This article is more than 2 years old.

Thanks to generous state subsidies, people in Denmark spend only 8.66 percent of their income on the childcare costs of their toddlers

Not a damning report, but room for improvement (photo: flickr/Sonderborg.dk)

In most of the developing world, a lifestyle divider is a matter of life or death. It’s the people who have water and the people who don’t, the people who have guns and the people who don’t. Or it’s a source of extreme inequality, like the possession of land or oil.

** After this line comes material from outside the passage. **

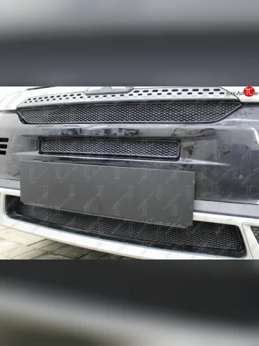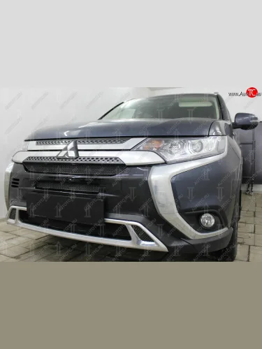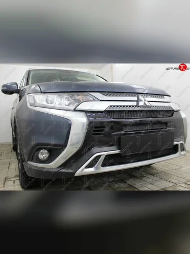 Защитная сетка в бампер (3 части, ячейка 4х10 мм) Alfeco Премиум Mitsubishi Outlander GF 3-ий рестайлинг (2018-2022) (Чёрная) в Перми Пермском крае

In the West, it tends to get more trivial: from the US, where it’s having health insurance, to the UK, where it’s whether you can afford to send your toddlers to childcare.

In Denmark, where the lifestyle divider is whether you own a summerhouse, sending your children to daycare has always been relatively affordable thanks to generous state subsidies.

In fact, people in Denmark face the seventh lowest costs in Europe, according to a new money.co.uk report (which ranks the UK the third worst!). 

Cheapest in Sweden, dearest in The Netherlands
Money.co.uk calculated the cost of childcare for children aged 0-2 as a percentage of two parents’ combined salaries, and Sweden came out on top with just 2.62 percent, followed by Nordic trio Iceland (4.36), Norway (5.51) and Finland (6.08).  

Denmark failed to make it a Nordic clean sweep, finishing in seventh with 8.66 percent behind Germany (6.24) and Austria (7.36). Completing the top ten were Estonia, France and Spain.

At the other end of the spectrum came the Netherlands, where parents pay 28.36 percent of their annual salaries. Turkey, the UK, Slovakia and Greece completed the bottom five.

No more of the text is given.